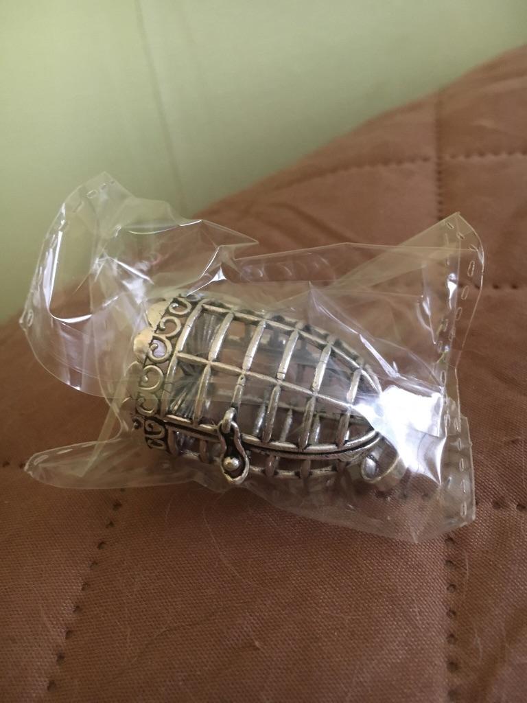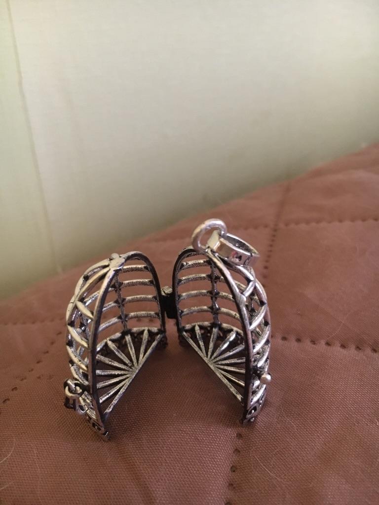 Embalado com cuidado. Chegou inteiro. Mas não consegui encontrar uma amostra, parece aço inoxidável. Grande demais para um pingente. Um lado cede. Não sei por que comprei...😕
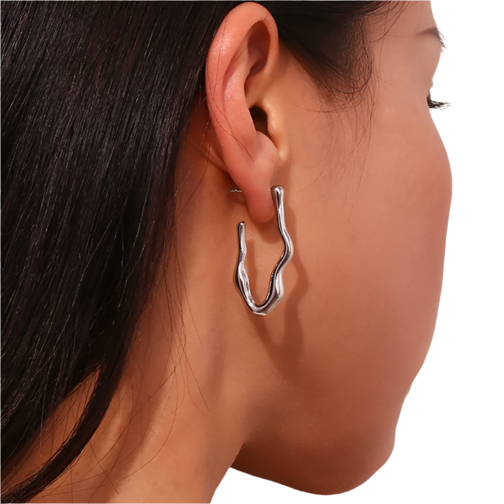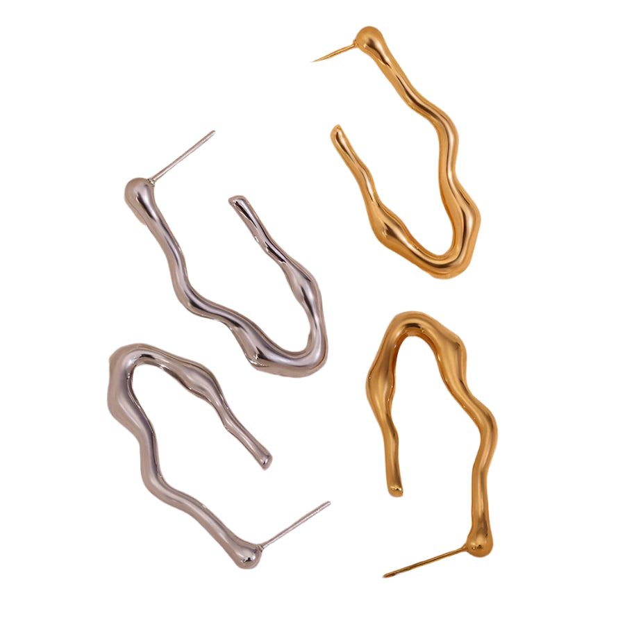 These earrings feature a freeform organic shape, giving them a modern and artistic look. The finish is polished, making them sleek and reflective, while their asymmetrical design adds a unique and trendy aesthetic.  Available in Gold or Silver.
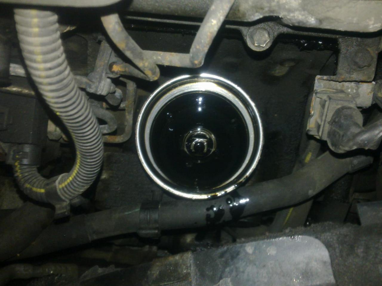 ted mrknem jestli už vytekl všechen starý olej pokud ano našroubujem a utáhnem zpět zátku na vaně motoru
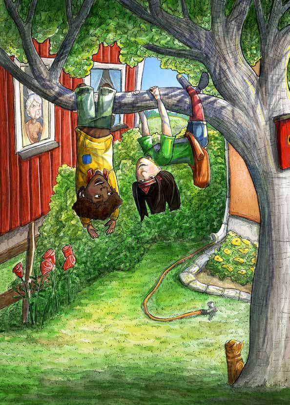 Jag tittar på Kian bredvid mig. Han ser orolig ut. Inte för att han hänger upp och ner och dinglar i ett träd. Utan för den arga rösten.
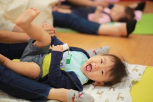 ママと赤ちゃんがヨガ中、お兄ちゃんたちはスタッフとおもちゃで元気よく遊んでいてママも安心^^
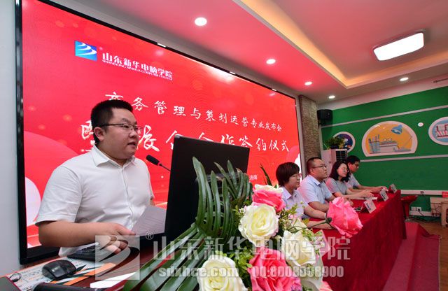 首先,山东新华西校区学生科负责人李主管致辞。李主管表示,商务管理与策划运营是就业率较高的专业之一,很多企业都缺少这种专业性强的复合型人才。山东新华电脑学院专注于互联网教育,紧跟时代发展,依托新华教育集团30余年的办学经验,培养市场需求、企业需求的专业人才,研发并开设商务管理与策划运营专业,并与山东聚蚨盛企业管理有限公司签订校企协议,专业共建,强强联合,培养商务管理与策划运营行业的技能型应用人才,也为选择山东新华的学子们提供更广阔的发展空间与机遇!
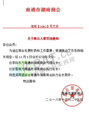 據涂料采購網消息,昨日(12月23日)南通市湖南商會發布《關于商會人事變動的通知》稱,為適應商會發展形勢和工作需要,根據商會工作條例相關規定,經12月5日會長討論與決議:
------------------------
• _Activity_
The lines to be extracted begin at the line containing "首先,山东新华西校区学生科负" and continue through the final line of the material above, both ends included. Reproduce them exactly, without the pictures.

• _Answer to the exercise_
 首先,山东新华西校区学生科负责人李主管致辞。李主管表示,商务管理与策划运营是就业率较高的专业之一,很多企业都缺少这种专业性强的复合型人才。山东新华电脑学院专注于互联网教育,紧跟时代发展,依托新华教育集团30余年的办学经验,培养市场需求、企业需求的专业人才,研发并开设商务管理与策划运营专业,并与山东聚蚨盛企业管理有限公司签订校企协议,专业共建,强强联合,培养商务管理与策划运营行业的技能型应用人才,也为选择山东新华的学子们提供更广阔的发展空间与机遇!
 據涂料采購網消息,昨日(12月23日)南通市湖南商會發布《關于商會人事變動的通知》稱,為適應商會發展形勢和工作需要,根據商會工作條例相關規定,經12月5日會長討論與決議:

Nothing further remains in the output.